The large number of nominations, Trinity’s website says, “made the awards committee’s task even more difficult in deciding who the recipients would be”.

Roja Fazaeli, an assistant professor in Islamic civilisations, was among the winners for embodying the principle of cherishing academic freedom, while Christine Casey – a professor of architectural history – won for the principle of putting “research at the heart of Trinity”.

Patricia Doherty, Conor McGinn, Ruth Brennan, Mairéad Hurley, Joseph Roche and David O’Shaughnessy were the other winners of the awards.

Last year, Dean of Research Linda Doyle emphasised the importance of “standing up for research” at the launch of the College’s first-ever Research Excellence Strategy.

“We’re never going to have to stop explaining why research matters. We’re never going to have to stop explaining why it’s really important to fund basic as well as applied research”, Doyle said.

Provost Patrick Prendergast said: “Just like the heart pumps blood around the body to all the major organs, we are explicitly linking research to the key priority areas of this university.”

“We are adamant about our focus on fundamental and applied research and we prioritise the resourcing of research”, he said.

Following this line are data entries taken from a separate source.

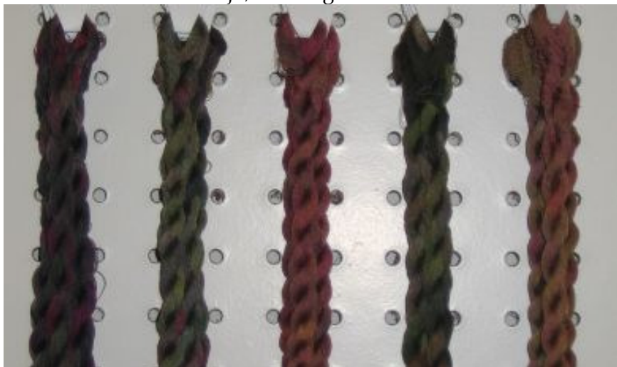
Van links naar rechts: 116 Renoir, 117 Niky, 118 Mary C, 119 Gabriele, 120 Boucher

Ze hangen al even in de winkel, maar ik had nog geen goede foto van de nieuwe kleuren van de Tentakulum zijde. De strengetjes zijn wat kleiner geworden, de 100/3 zijde heeft 50 meter net als de soie surfine. Dus kun je nu voor € 3,75 met deze heerlijke zijde borduren. Houd er rekening mee dat dit exclusieve kleuren zijn, een volgend verbad kan er anders uitzien.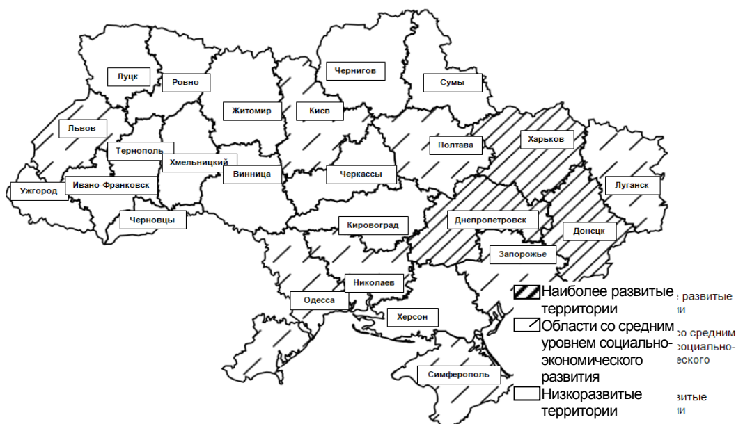
Рис. 1. Социально-экономическое развитие регионов Украины за 2012 год

Для начала можно рассмотреть кластерную характеристику регионов Украины по уровню социально-экономического развития за 2012 год, представленную на рис. 1 [4].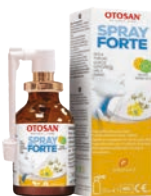
Sprej do krku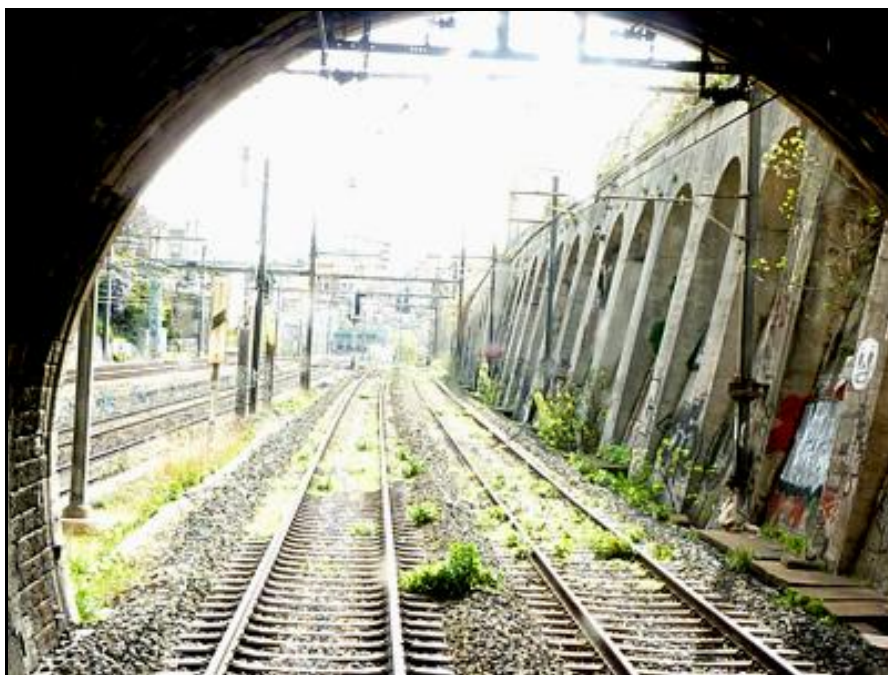
La sortie du tunnel vue depuis l'intérieur

Si cette fiche comporte des erreurs ou des oublis, merci de nous le signaler.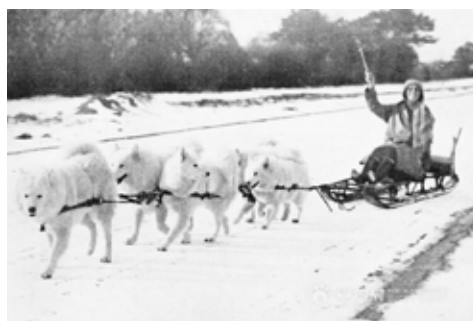
Kennel Farningham I England.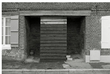
Le puits de la cité, en 1990, vue de face. IVR22_19908000031Z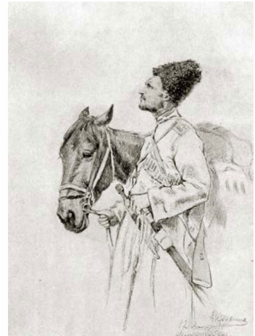
«Аэроплан летит». Рисунок с натуры военного корреспондента, художника Н.И. Краченко

На следующий день рано утром над Люблином был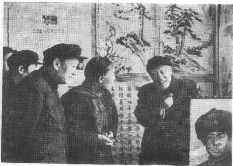
1980年12月，民进中央召开第一次全国为四化建设服务经验交流会。这是来宾在参观大会举办的为四化服务成果展品陈列室。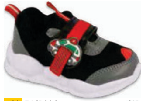
189 516P096 CAR 21-25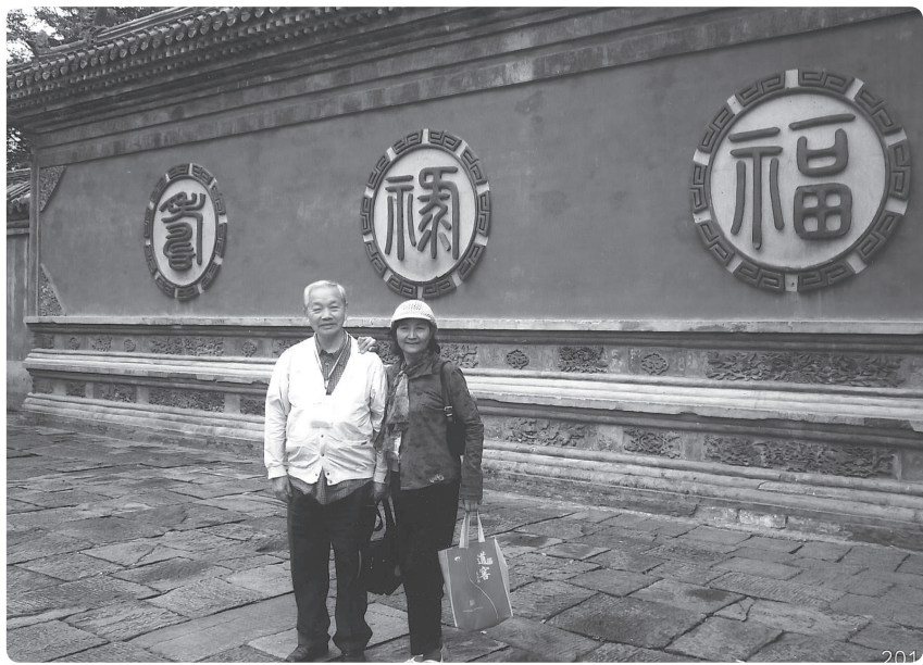
參觀武當山太子坡在福祿壽照壁前合影。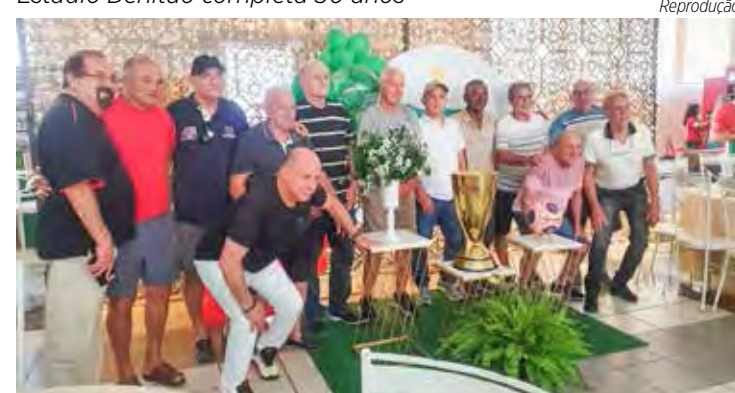
Bonita festa reuniu craques velistas do passado, no último dia 28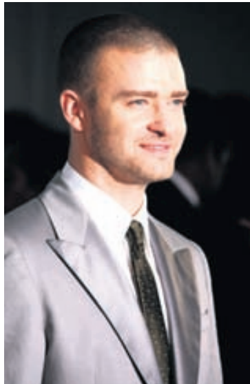
Timberlake segir golfið skemmtilegt á tónleikaferðalögum.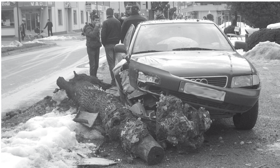
Na „drevorubača“ sa zahral minulý týždeň v Púchove vodič tohto automobilu. Na Štefánikovej ulici zišiel mimo cesty a narazil do stromu.

Na slovenských cestách je tento rok situácia o niečo priaznivejšia, ako vlani. Tento rok sa na Slovensku sa síce stalo o 14 nehôd viac, ako v rovnakom období minulého roku, ale počet obetí klesol o 14. V tomto roku zomrelo na slovenských cestách 34 ľudí, 100 utrpelo ťažké zranenia (medziročný pokles o 60). Najviac obetí má tento rok Prešovský samosprávny kraj, kde od začiatku roka zomrelo pri nehodách šesť ľudí. Najmenej obetí – dve, má Bratislavský samosprávny kraj. KR PZ Trenčín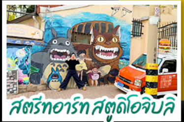
สตรีทอาร์ต สตูดิโอจิบลิ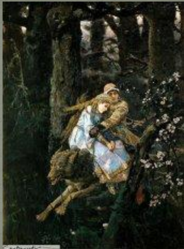
Иван-Царевич на Сером Волке (1889)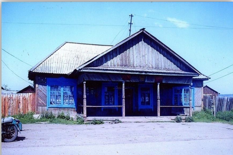
Контора "Колхоза им. Ленина"

Затем постепенно, по мере выполнения своих функций образования и просвещения сельского населения, изба читальня утратила свое значение, на смену ей пришли клубы и библиотеки. В этом учреждении оставили клуб, а библиотека начала свою работу в конторе «Колхоза им. Ленина» Баргадайского отделения №3 (на фото), размещалась она в небольшой комнате. Мебели почти никакой не было, стол, шкаф и лавки для читателей. Из архивного документа известно, что в 1960 году библиотека еще размещалась в конторе.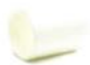
ข้อต่อตรง-ร้อยสาย สีขาว (BS) 16-50 มม. (3/8"-1 1/2")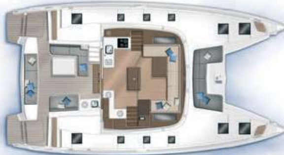
Carré et cockpit / Saloon and cockpit

The 50 with her various layouts offers to the owner many choices to customize his/her boat: dressing, additional cabin on starboard or port ... A modularity unique in this size of boat.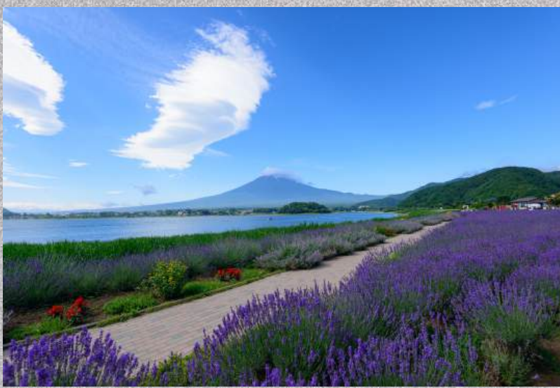
สวนดอกไม้ฮานะโนะมียาโกะ หรือ เทศกาลชมดอกลาเวนเดอร์ ที่ทะเลสาบคาวากุจิ

วันที่ 1 : สนามบินนาริตะ – สวนดอกไม้ฮานะ โนะมียาโกะ หรือ เทศกาลชมดอก ลาเวนเดอร์ที่ทะเลสาบคาวากุจิ – หมู่บ้านโอ ชิโนะฮักโกะ - คาวากุจิโกะ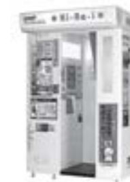
まちなかの証明用写真機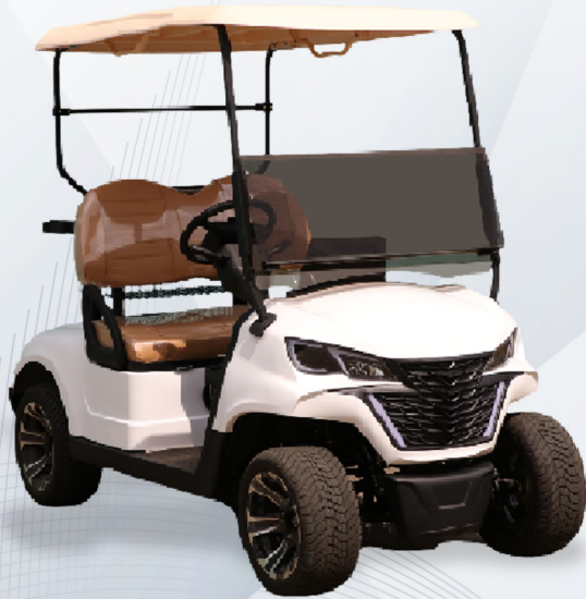
2 pax: EG202EK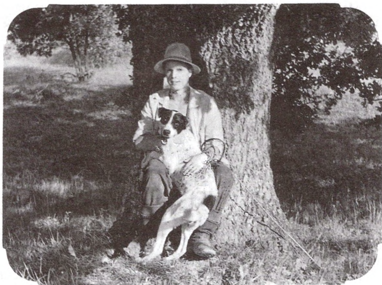
Да замалёўкі «Акопы» Купалаў дуб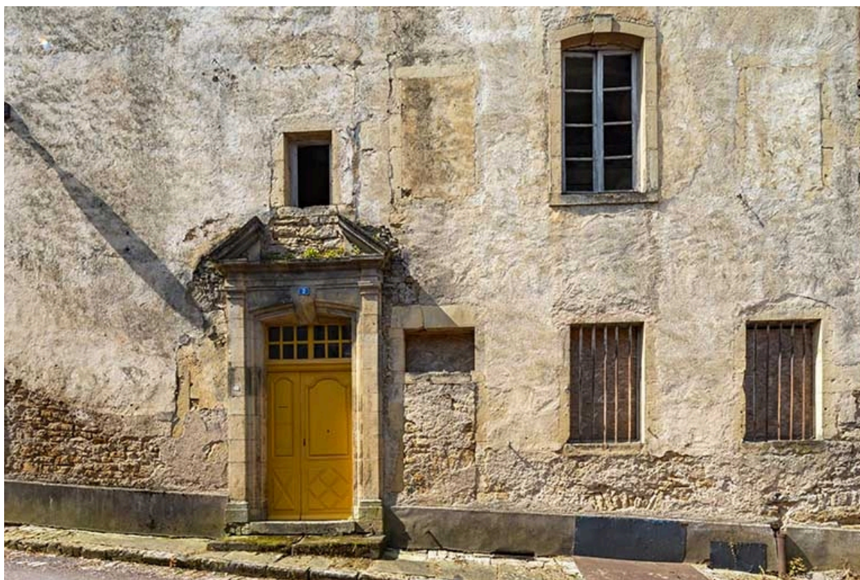
Détail de la façade orientale et de la porte située à la base de la tour.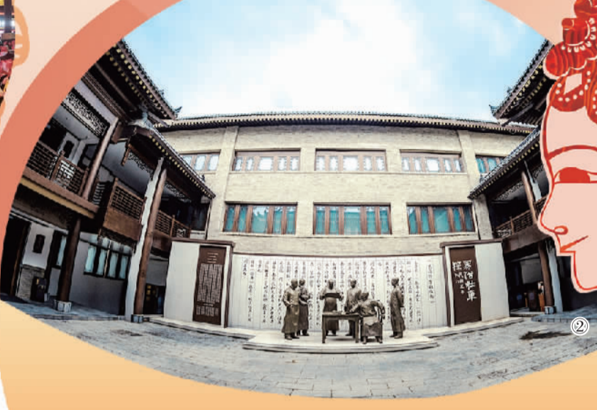
图① 在西安大唐不夜城举行的公益性秦腔演出。本报记者 杨开新摄 图② 易俗社百年博物馆院内，再现上世纪初期著名秦腔科班易俗社创办场景的人物雕塑。

《千古一帝》中的嬴政、《火焰驹》中的黄桂英、《关西夫子》中的杨震、《杨门女将》中的穆桂英、《大秦将军》中的王翦……这些秦腔剧目中的人物形象堪称经典，不少名角因之摘取中国戏剧表演艺术最高奖梅花奖。 在西安，上述人物形象被印在卡通贴纸、手机上，人们把它粘在手机壳上，秦腔这门独具魅力的古老艺术，也以随处可见、随处可见的形式走进千家万户。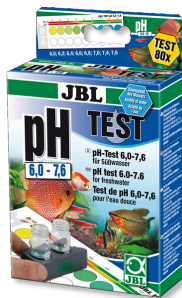
JBL Test pH 6,0-7,6 Test pH per acquari d'acqua dolce, ambito di 6,0-7,6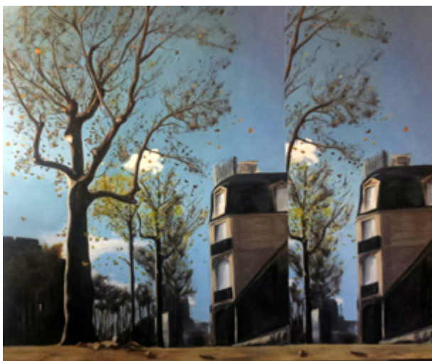
Alexandre Carin, Le Jardin aux sentiers qui bifurquent , 2016, huile sur toile, 155 x 190 cm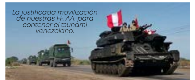
La justificada movilización de nuestras FF. AA. para contener el tsunami venezolano.

salido fuera del país para sacar a los dictadores. Un claro ejemplo es que uno de los últimos corruptos dictadores, Alberto Fujimori, hoy está tras las rejas y hasta cinco ex presidentes de la República, vienen siendo investigados por corrupción e irán a la cárcel. Inmigración sí, pero moderada, que respete las normas y leyes peruanas y no propicie daños a nuestro país!

This week, Trinity professor Dan Bradley has won a European Research Council (ERC) grant worth €2.5 million for his work in the field of ancient epigenetics.

Bradley, a professor of population genetics, will receive the grant to support AncestralWeave, an investigation into the ancient genomes of cattle, sheep and goats to better understand when and where periods of ancient human innovation shaped breeding patterns.

He is one of only four Irish recipients of ERC grants on this occasion.

The award also comes after a call by the Irish University Association (IUA) last year to rethink how research is funded in Ireland after the country won only one out of 408 ERC research grants last year.